S&P forecast continues GCC banks' strong performance until 2024


(MENAFN) Standard & Poor's Ratings Agency (S&P) anticipates that banks in the Gulf Cooperation Council (GCC) countries will maintain strong performance throughout 2024, driven by increased lending volumes, higher fee income, stable margins, and effective cost management, provided there are no unforeseen shocks. The agency's recent report highlights that non-oil sectors in Saudi Arabia and the UAE have significantly contributed to a 10.4 percent annual lending growth among the 45 largest GCC banks in the first half of 2024, compared to 6.7 percent in 2023. Despite a prolonged period of rising interest rates, which has kept profit margins steady at 2.7 percent, banks have continued to show strong profitability, with a return on assets improving to 1.74 percent from 1.65 percent at the end of 2023.

However, S&P notes that interest rate cuts expected in 2025 could diminish income margins for GCC banks, potentially leading to a 12 percent reduction in net profits. This projection is based on the premise that each 100 basis point reduction in interest rates could lower net income by approximately 8 percent.

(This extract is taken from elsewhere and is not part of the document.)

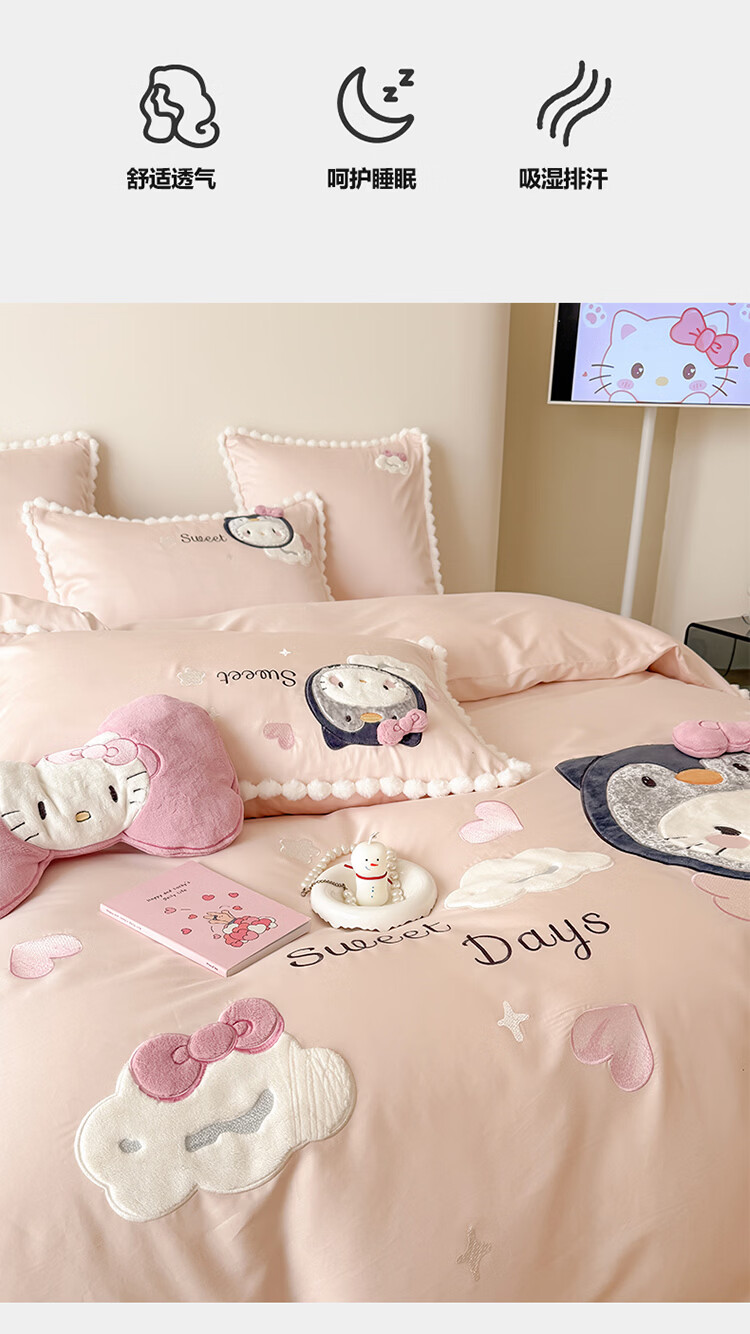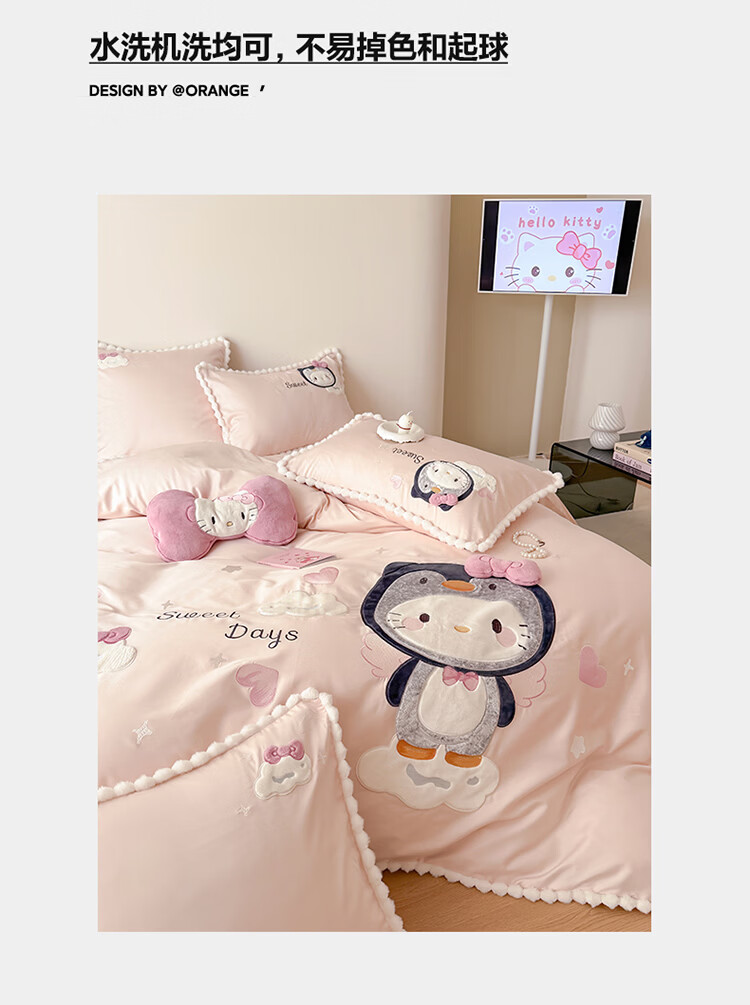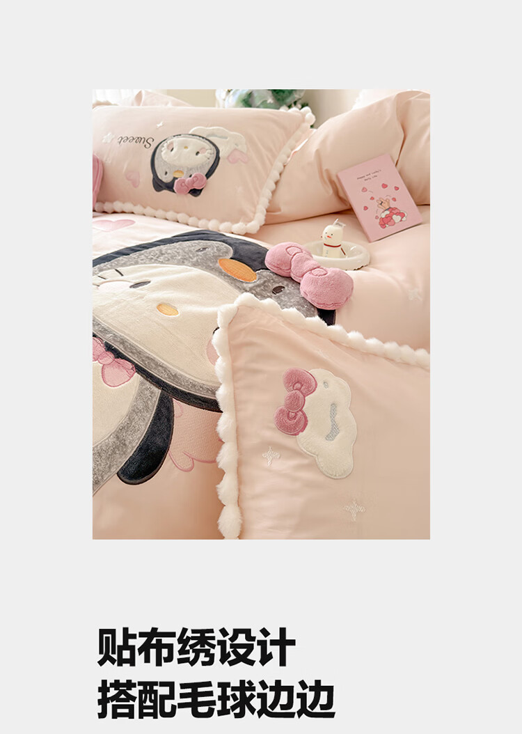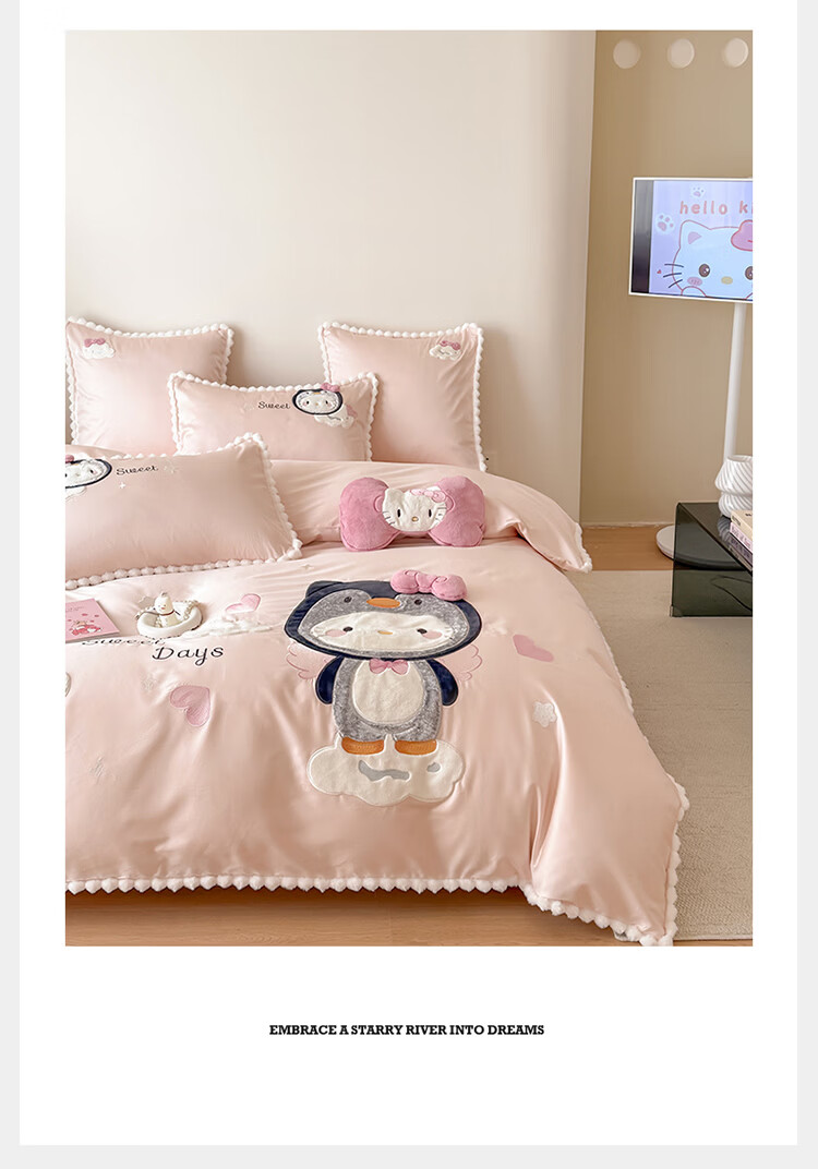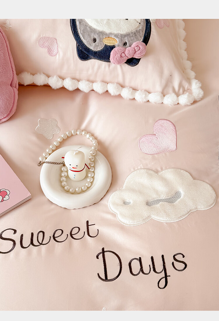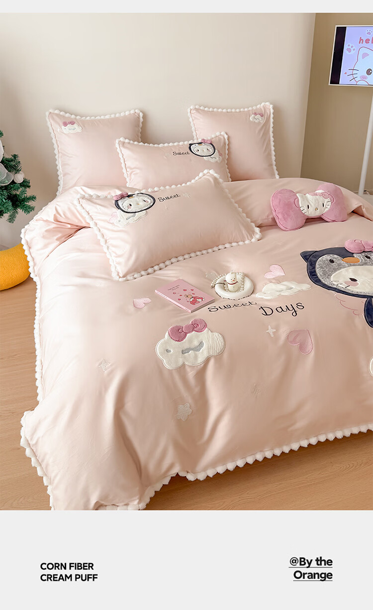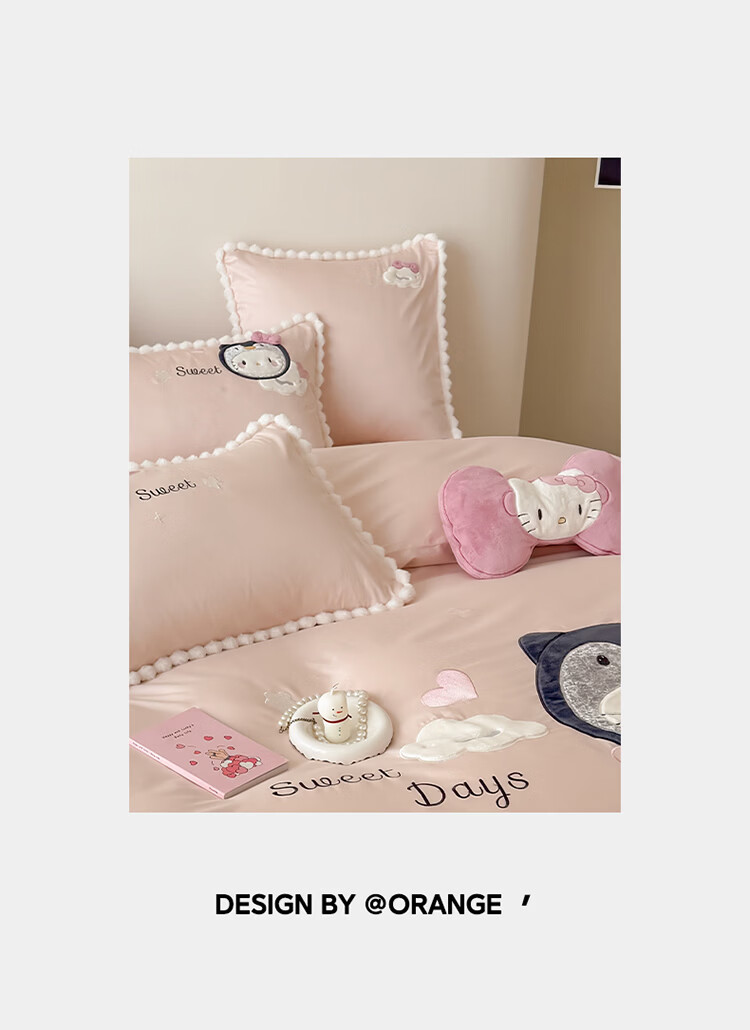ROLAND LIVE新疆长绒棉卡通贴布绣四件套粉色少女心全棉被套床单儿童三件套 WL 新疆长绒棉套件-喵咪酱【送同款抱枕】 1.8米床 床单款 【被套200*230cm】

Despite this, the anticipated rate cuts could benefit highly leveraged corporates and retail clients in the GCC, potentially enhancing asset quality. Additionally, the agency believes that banks' effective cost control measures might mitigate the overall impact of these rate cuts. As a result, while banks face potential challenges from reduced interest margins, their solid performance in the near term and strategic financial management are expected to support their stability and growth.